Year to date, assuming I haven’t dorked anything up, the market has actually gone down about 14%, so you’d say current levels imply a further 7% decline. But where I think this gets really interesting is if you play around with some of the harder hit industries. The current version of the sheet has three broad inputs: a baseline estimated effect, a moderately worse effect, and a severe effect. Right now, I’ve plugged in:
image

And I haphazardly applied those estimates to the top 20 or so industries as follows (baseline assumed unless cell is highlighted):

So of the big industries, this hits banks, REITS, and Retail really hard, with every other industry down 10%. The effect on aggregate value:
image

So in this much more severe world, the total year-to-date drop “should be” about 24%, which leaves another 12% drop from today’s prices. So go play with these numbers if you’re interested, and see what your assumptions do to aggregate implied market values. For me, it’s pretty reassuring that even a pretty pessimistic view implies only a 12% downside from here. And I think a big reason why that might seem out of line with the obvious business carnage around us is that the very visible industries (restaurants, theaters, hotels, casinos) don’t actually make up a huge percentage of aggregate market values, so total destruction in those industries doesn’t actually affect aggregate market values all that much.

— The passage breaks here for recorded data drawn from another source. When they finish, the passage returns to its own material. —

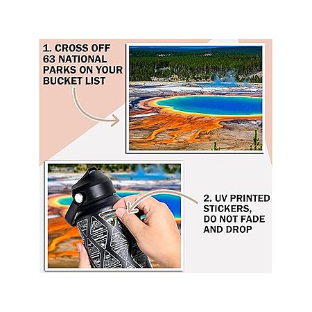 - Track Your Adventures: Features designs of 63 U.S. National Parks, paired with 2*63 waterproof matching stickers. Each time you visit a park, add a sticker to your insulated bottle for a fun and interactive bucket list experience.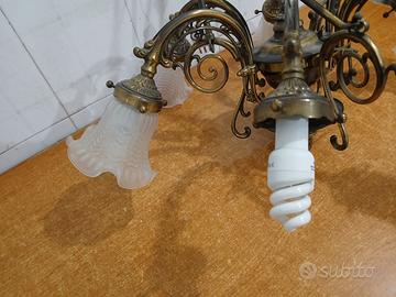ANTICO LAMPADARIO, SEI BRACCI CON CINQUE COPPE VETRO. STRUTTURA CON VARIE LAVORAZIONI IN METALLO TUTTO OTTONE PIENO PARTICOLARE STATUETTA CENTRALE CINQUE COPPE VETRO LAVORATE OPACO (PURTROPPO UNA MI E SCAPPATA DI MANO ROMPENDOSI, COMUNQUE SI TROVANO) CINQUE LAMPADINE A RISPARMIO ENERGETICO, ATTACCO PICCOLO LAMPADARIO USATO IN BUONE CONDIZIONI, COME GIÀ SCRITTO MANCANTE COPPA VETRO E SOLO DI UN GANCIO VEDI ULTIMA FOTO. SONO A DISPOSIZIONE DOPO VOSTRE RICHIESTE ALL' INVIO DI FOTO PIÙ SPECIFICHE -COLORI -DESCRIZIONI -MISURE SEMPLICI o... EVENTUALMENTE PIÙ SPECIFICHE, INVIO DOPO VOSTRE RICHIESTE ATTENZIONE COLORI, DESCRIZIONI E MISURE COMUNQUE FANNO FEDE LE FOTO. NOTA: VENDO L'ARTICOLO/OGGETTO COME DA FOTO, COSI' COME LO VEDETE VISTO E PIACIUTO. PER LA SPEDIZIONE FARO' UN IMBALLO MOLTO ACCURATO MA' NON SONO RESPONSABILE DI UNA EVENTUALE ROTTURA OPPURE PER L' INVIO POSTALE SENZA TRACCIABILITÀ NEL CASO L' ARTICOLO/OGGETTO VADA PERSO, (ALTRIMENTI POTETE FARE RICHIESTA DI SPEDIZIONE DIVERSA).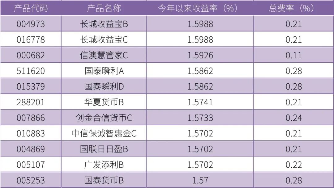 此外,如果想要寻找更高收益率的货币基金,可以跳出余额宝、零钱通的范畴,不通过两者直接去购买,你将会有更宽裕的选择。以下为今年以来收益率超过1.57%的货币基金,可供参考——但切记,收益率仅能作为参考项目,并不能代表这只产品未来也一定会有这样良好的表现。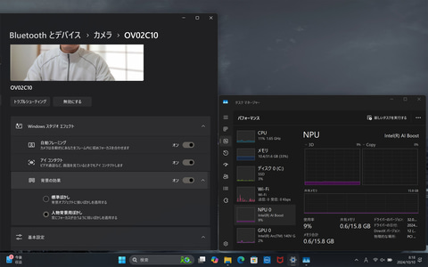 そうした場面で力を発揮するのが、Copilot+ PC準拠のノートPCが備えるNPUだ。Copilot+ PCでは40TOPS以上のAI性能をもつことなどが要件となっており、それを支えるNPUがWebカメラの背景交換などの映像処理を肩代わりできる。その分、CPU/GPUを他の作業に振り分けられ、全体的なパフォーマンスを維持できるわけだ。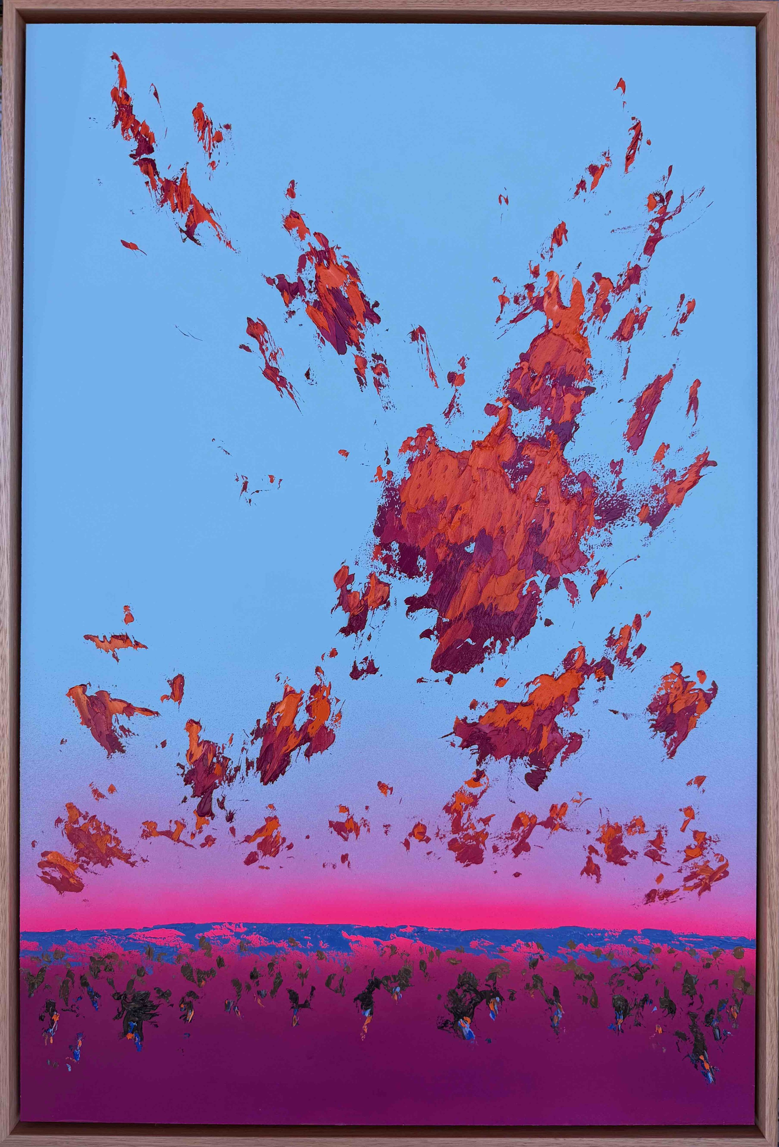 I currently spend most of my time exploring dirt roads in rural NSW, where painting from life has played a critical role in shaping my current style and approach to painting. I have recently started reworking paintings in my studio that were painted en plein air to help give me more time to think about the work and inject the experience into the paintings. Using thick brush marks and layers of paint enables me to capture the tough Australian terrain. I want viewers to be able to see and feel the terrain on the surface of my paintings and through my work take them on my adventures and journey into the Australian landscape.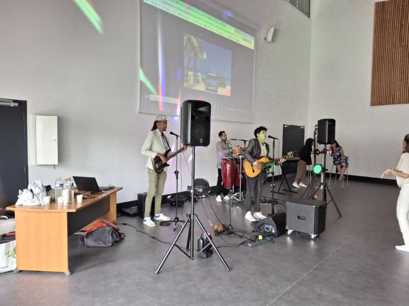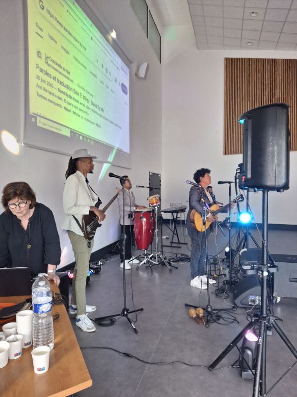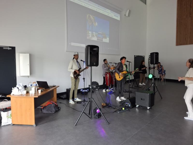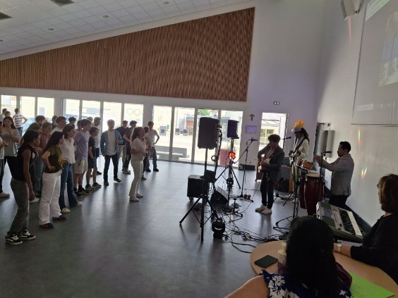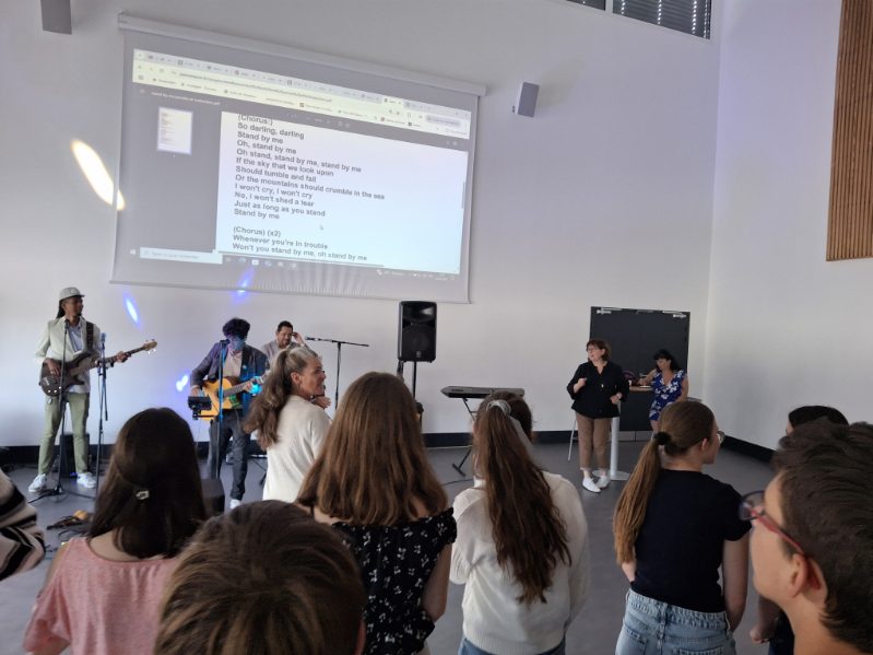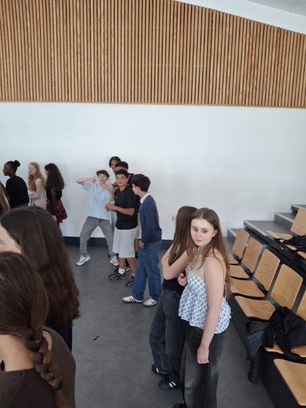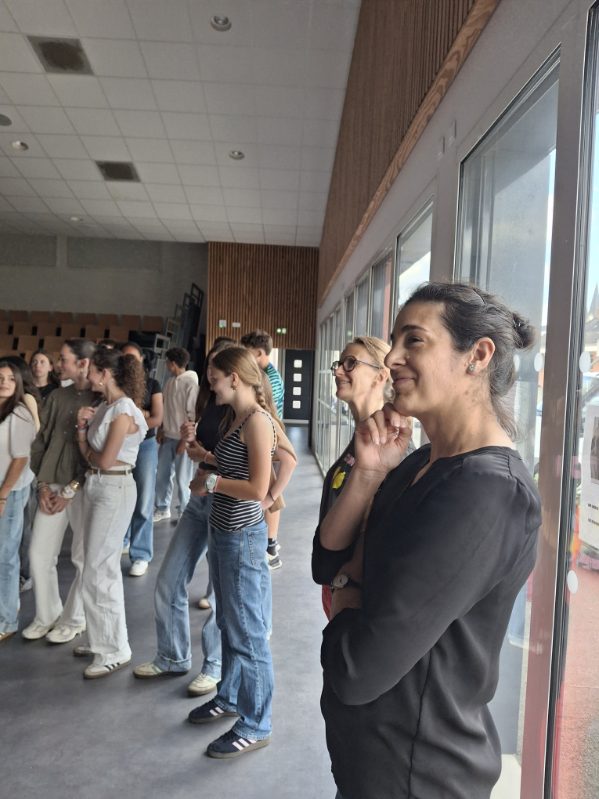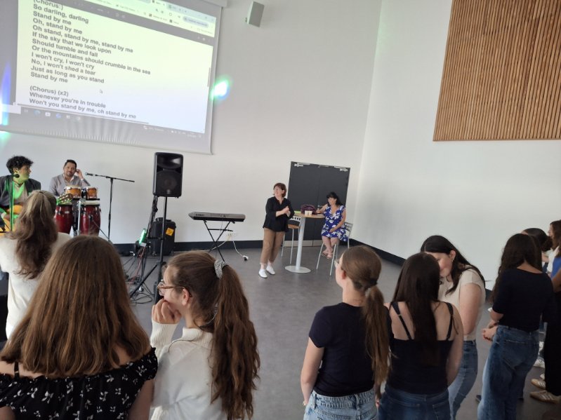 A l’initiative de Mme Deschâteaux, professeure de musique et chorale au collège, les élèves de 3e ont eu la chance de rencontrer des musiciens, chanter les titres préparés en cours de musique et pratiquer les pas travaillés en EPS.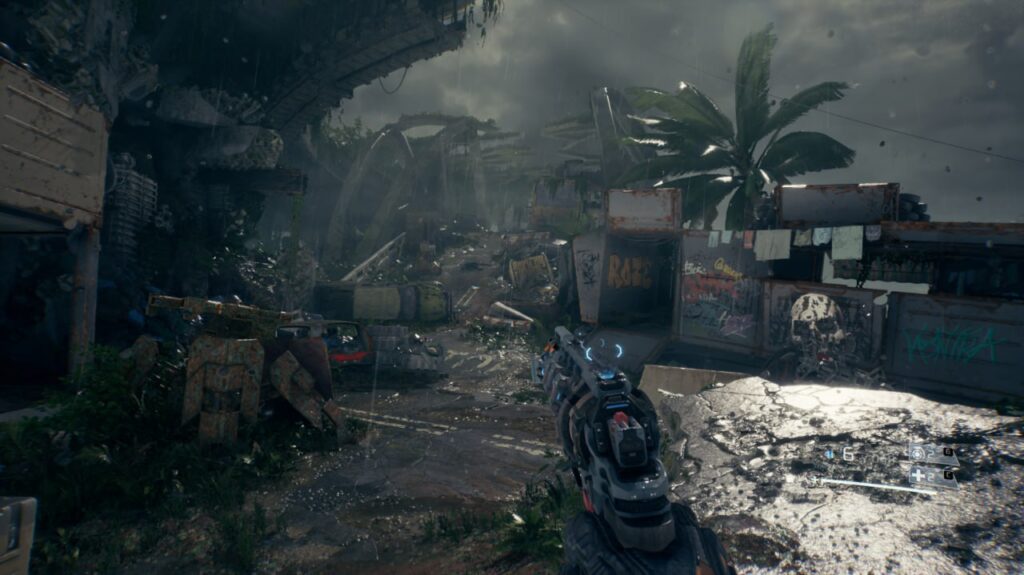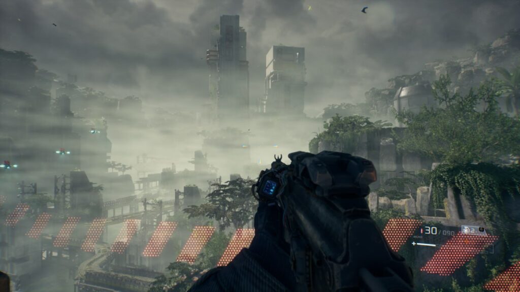 Тут я розповім тільки про першу місію і трохи про другу, бо гра настільки коротка, що навіть таким описом прологу я вже можу випадково розказати про 50% наративу. В першій місії ми проходимо тренінг і нас закидують на руїни. Все виглядає сірим та засвіченим. Ніяким, що у діалоговому, що у режисерському планах. Єдине, що могло б врятувати цей сегмент – це якісний підхід до перестрілок і левел-дизайну. Але ж тут ми вже одразу впираємось у проблему. Попри якісну механіку стрільби, дизайн рівня на першій локації – це “привіт” з 2010 року. І, в даному випадку – це не та ностальгія, яку хотілося б отримати. Аби мати функцію, себто, укриття та секції для платформінгу, розробники принесли у жертву логіку і естетичність локації. Все одноманітне, сіре бетонне “ніщо”, по якому герой пересувається без належної мотивації. Все, що є – це голос у рації, який повторює, що треба зробити гравцю, заважаючи експлорінгу та діючи на нерви.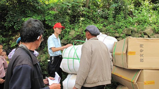 图四、会泽法院干警帮助灾民搭建帐篷 纸厂乡是“8.03”地震中会泽受灾最严重的乡镇,灾情发生后,为保证科学救灾、顺利救灾,当地实行交通管制,禁止社会各界盲目无序进入灾区。至8月7日,经多次请示救灾指挥部同意,由副院长邓成耀带队,会泽法院得以派驻第一批5名干警进入纸厂灾区。8月9日,院长段玉波带领法院第二批5名干警进驻纸厂灾区。法院干警积极投入一线救灾,主要负责纸厂乡鄢家村水平、小竹、小箐三个村民小组的查灾核灾、搭建帐篷、物资发放、排查隐患、安全保卫、群众安抚、应急保障等任务。纸厂乡鄢家村水平、小竹、小箐三个村民小组受灾严重,房屋倒塌2户6间,严重受损209户。截止8月11日,法院干警帮助纸厂灾民搭建帐篷36顶,走访安抚灾民233户794人,核查灾情233户,排查出安全隐患3处,及时向灾民发放救急包、折叠床、帐篷、大米等物资及194500元救助金。

Anyway, curious what UPers best estimates are, and what they imply for future returns.

8 Likes

I think some industries actually do better off of this or take no significant losses, fwiw. Software is a big one.

I was suggesting it more for your own peace of mind, so it is more about how much makes you feel better.

Of the money that you have, that you could invest in stocks but don’t want to because of risks to stocks maybe keep 20% gold and 80% cash? I am not aware of a standard advice for this scenario because standard advice is always to stay in the market and regularly rebalance between stocks and bonds according to your risk preference.